Modeling the impact of data sharing on variant classification

Abstract

Objective: Many genetic variants are classified, but many more are variants of uncertain significance (VUS). Clinical observations of patients and their families may provide sufficient evidence to classify VUS. Understanding how long it takes to accumulate sufficient patient data to classify VUS can inform decisions in data sharing, disease management, and functional assay development.

Materials and methods: Our software models the accumulation of clinical evidence (and excludes all other types of evidence) to measure their unique impact on variant interpretation. We illustrate the time and probability for VUS classification when laboratories share evidence, when they silo evidence, and when they share only variant interpretations.

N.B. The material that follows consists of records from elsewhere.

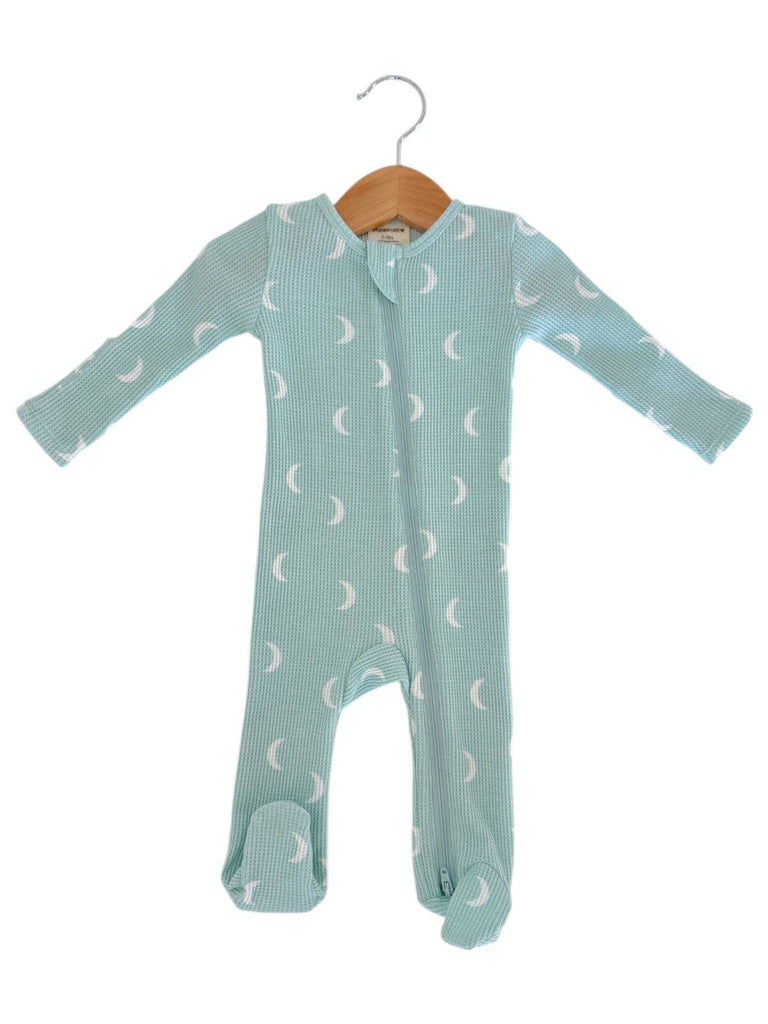 Organic Waffle Ruffle Zip Footie- Pink Candy Cane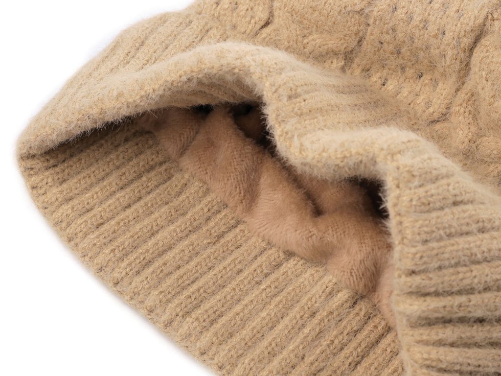 Pletená čepice s bambulí a copánkovým vzorem vás bude hřát celou zimu. Má ohrnutý okraj, uvnitř má jemný plyš, jenž je velice příjemný na dotek. Bambule věrně imituje pravou kožešinu. Volně položený obvod lemu je 40 cm, natažený až 60 cm. Výška lemu je 7,5 cm. Výška čepice je 23 cm bez bambule.- Výška: 23 cm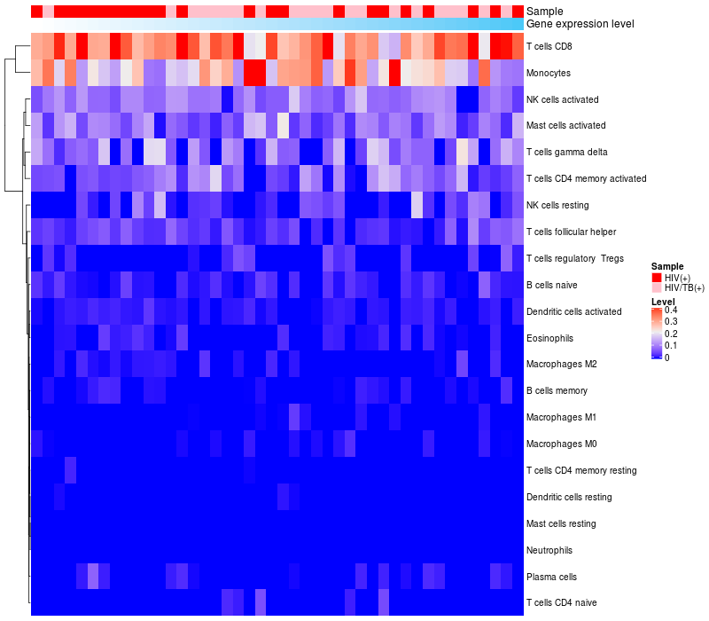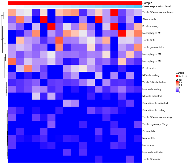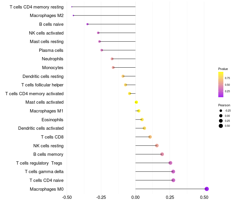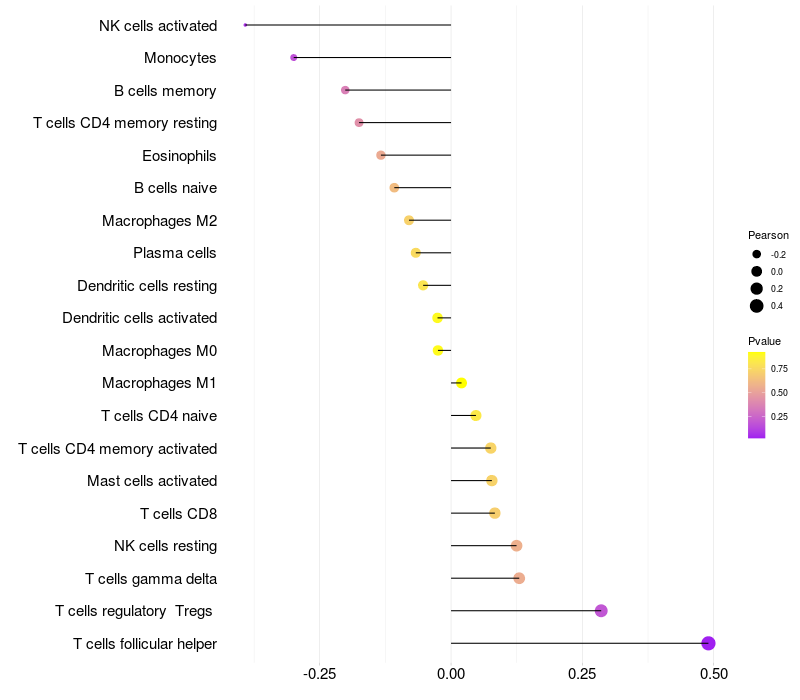 Relationship between gene expression and immune infiltrating cell level

Results: Using conservative assumptions for frequencies of observed clinical evidence, our models show the probability of classifying rare pathogenic variants with an allele frequency of 1/100 000 increases from less than 25% with no data sharing to nearly 80% after one year when labs share data, with nearly 100% classification after 5 years. Conversely, our models found that extremely rare (1/1 000 000) variants have a low probability of classification using only clinical data.

Discussion: These results quantify the utility of data sharing and demonstrate the importance of alternative lines of evidence for interpreting rare variants. Understanding variant classification circumstances and timelines provides valuable insight for data owners, patients, and service providers. While our modeling parameters are based on our own assumptions of the rate of accumulation of clinical observations, users may download the software and run simulations with updated parameters.

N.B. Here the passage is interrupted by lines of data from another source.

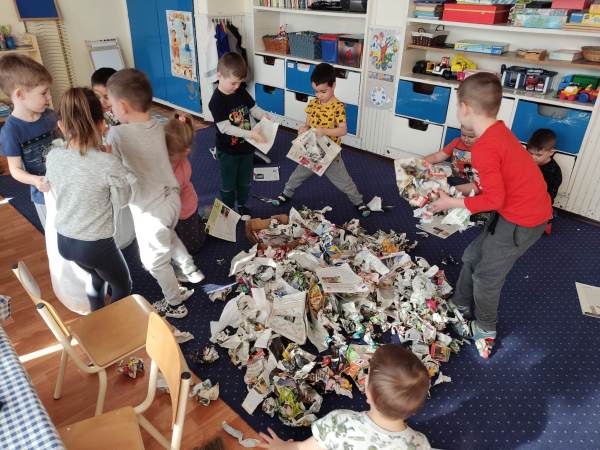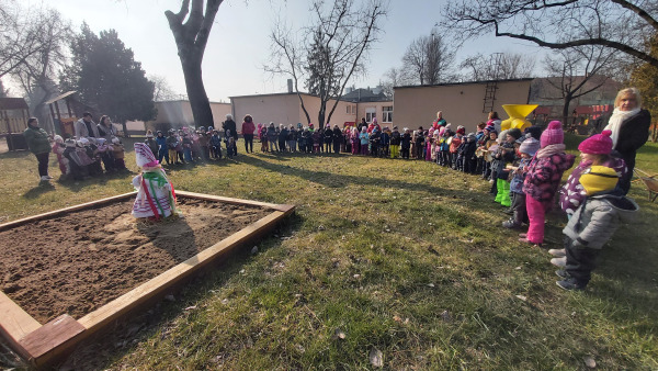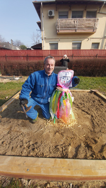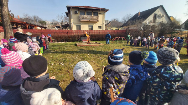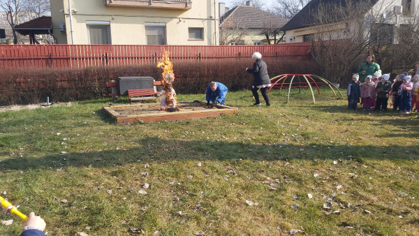 A Kék Delfin csoport gyermekei készítették el idén a kisze bábot, amit aztán az udvaron elégetve űztük el a telet és a hideget.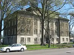 The Mississippi County Courthouse for the Chickasawba District is located at 200 West Walnut Street in Blytheville, Arkansas, one of Mississippi County's two seats (the other is Osceola). It is a 3+1⁄2-story brick-and-cut-sandstone structure, designed by the Pine Bluff firm of Selligman and Ellesvard, and built in 1919. It is a fine local example of Colonial Revival styling, with a recessed center entrance and a projecting modillioned cornice. The interior has had few alterations since its construction.[2]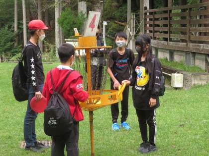 午後の活動は分かれて行いました。フライングディスクゴルフはディスクを投げ、ゴルフのように決められた回数内でゴールを目指しながら活動を進めていました。初めは、狙ったところに投げることが難しいようでしたが、回数を重ねるごとにどんどん上達していました。

Conclusions: The modeling software is available at https://github.com/BRCAChallenge/classification-timelines.

Keywords: benign; classification; genetic variation; modeling; pathogenic.

Figure 1.

Histograms of cumulative log odds for classifying each of 1000 simulated variants present at a 1e−05 frequency in the population. Classification thresholds are demarcated as vertical hash lines.

Figure 2.

Classification trajectories for 20 randomly selected variants at 1e−05 frequency in the population. Classification thresholds are demarcated as horizontal hash lines in the timeline plots.

Figure 3.

Classification probabilities over the course of 5 years. The y-axis of these plots is the probability of classifying the variant, converted from the aggregated likelihoods of pathogenicity generated in the simulations. Year 0 constitutes the time just before the sequencing centers share their data and all the variants are unclassified. Year 1 constitutes the moment just after the sequencing centers share their data. As time progresses and more evidence becomes available, some of the variants which were LB get “promoted” to B, and similarly some of the variants which were LP get “promoted” to P. B: Benign; LB: Likely Benign; LP: Likely Pathogenic; P: Pathogenic.

Figure 4.

Sensitivity of variant classification to the frequency of observing ACMG/AMP evidence criteria. These “high” and “low” values are taken from the confidence intervals in Table 1. (A) Tornado plot for the sensitivity of Pathogenic and Likely Pathogenic variants. (B) Tornado plot for the sensitivity of Benign and Likely Benign variants. ACMG: American College of Medical Genetics; AMP: Association for Molecular Pathology.

Figure 5.

Probabilities of classifying variants at 1e−06 frequency plotted over the course of 5 years. The y-axis of these plots is the probability of classifying the variant, converted from the aggregated likelihoods of pathogenicity generated in the simulations. Year 0 constitutes the time just before the sequencing centers share their data and all the variants are unclassified. Year 1 constitutes the moment just after the sequencing centers share their data.